13
Sagra della mela
Il naturale profumo delle mele mature le aveva avvolto le narici come se fosse stato un foulard leggero di seta pregiata. Lo giornale era bella come quella prima volta che i loro occhi si erano incrociati quasi attratti da una calamita. Un incontro che aveva segnato la vita di una povera donna, che per vivere era stata costretta a vendere la propria dignità dopo che la propria famiglia si era mostrata incapace di provvedere all'intera prole avuta con pochissimi stacchi di tempo.
E in quel meleto, dai profumi inconfondibili che la natura mai avrebbe ceduto all'uomo, mettendola in secondo piano, proprio sotto gli odori forti e pungenti della lenta ma radicale urbanizzazione, un'innocua passeggiata aveva segnato quello che sarebbe diventato un percorso emozionante sotto molti punti di vista.
Un giovane bracciante, Cole Gerard, di invidiabile senso del dovere a dalla bellezza sprecata per l'impiego che si era trovato, insieme alla sua famiglia composta dal padre e due fratelli più grandi, aveva individuato una figuretta camminare in disparte in mezzo a tanti altri contadini intenti a raccogliere le mele che sarebbero servite per la sagra del paese. Si erano tutti svegliati di buona leva per terminare la giornata con un numero sufficiente di frutta da poter riempire cesti interi in pochi giorni. Un compito stancante e una certo adatto ad una donnina delle dimensioni della figura individuata da Cole.

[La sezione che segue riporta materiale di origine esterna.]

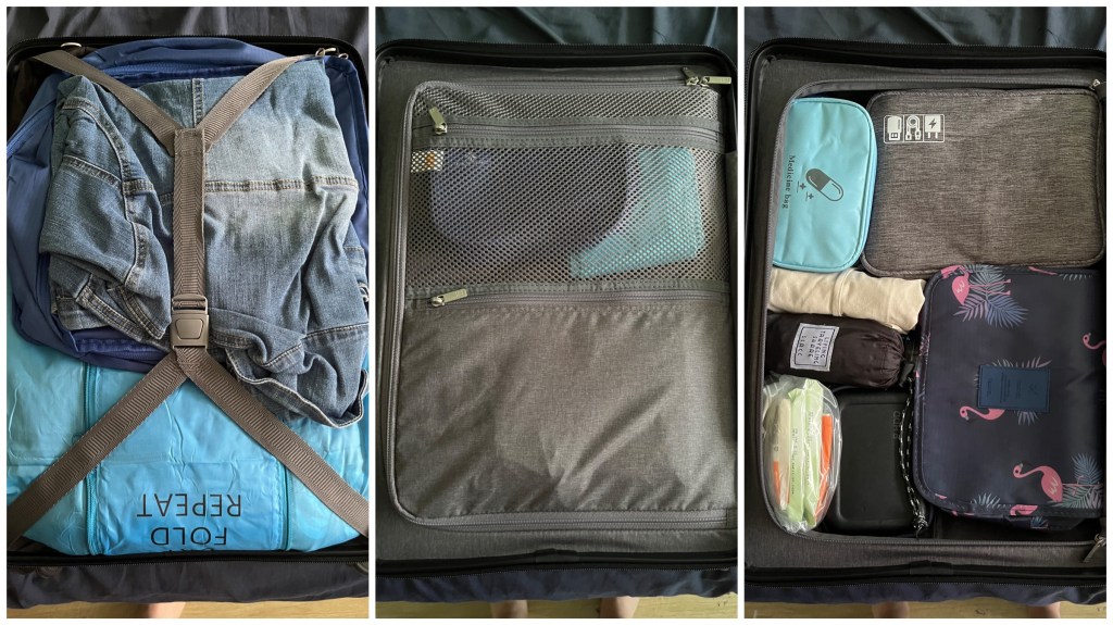 I woke up early so I could pack. I like using various pouches to help group things together to keep organised and it also helps with packing. It didn’t take me long, about 25 minutes.

Lasciò cadere l'ultimo frutto che aveva raccolto, il cesto poteva definirsi abbastanza pieno, e senza dare nell'occhio percorse quel labirinto di alberi senza forma e senza pareti, mantenendo lo sguardo sulla figuretta in posa come un quadro.

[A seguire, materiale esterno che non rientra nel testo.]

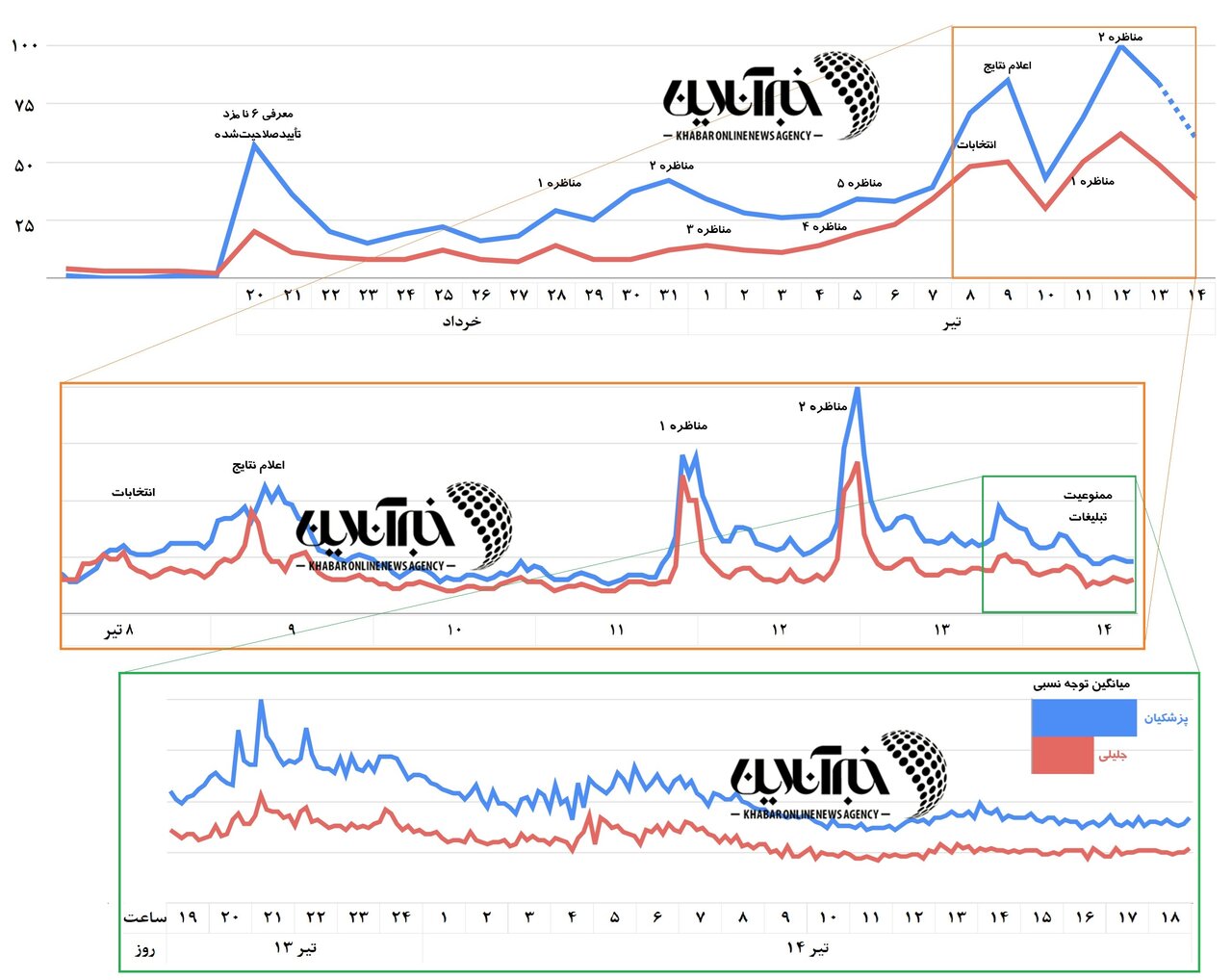 ذوالفقار دانشی - به دلیل منع قانونی تبلیغات انتخابات در روز پنجشنبه 14 تیر (یک روز قبل از برگزاری انتخابات)، حجم خبرهای مرتبط با دو نامزد حاضر در مرحله دوم انتخابات طی روز چهارشنبه 13 تیر بسیار زیاد بود و با فرا رسیدن پنجشنبه، موج تبلیغات فرو نشست، با این حال تغییر خاصی در سهم توجه عمومی به مسعود پزشکیان و سعید جلیلی ایجاد نشد.

Una silhouette invidiabile anche dalla miglior ballerina dell'epoca, lineamenti morbidi e delicati che le plasmavano il viso il tronco con fianchi irresistibili per le dita; i capelli biondi, a tratti più scuri seguivano la leggera brezza con un movimento talmente leggero da ricordare la più pregiata delle stoffe orientali. Che cosa ci facesse in un luogo del genere una simile creatura, che pareva essere uscita danno di quei poemi greci, le cui più grandi ispiratrice si descriveva come ninfe e muse, non seppe se volerglielo chiedere e restare a contemplarla come uno spettacolo unico e inimitabile.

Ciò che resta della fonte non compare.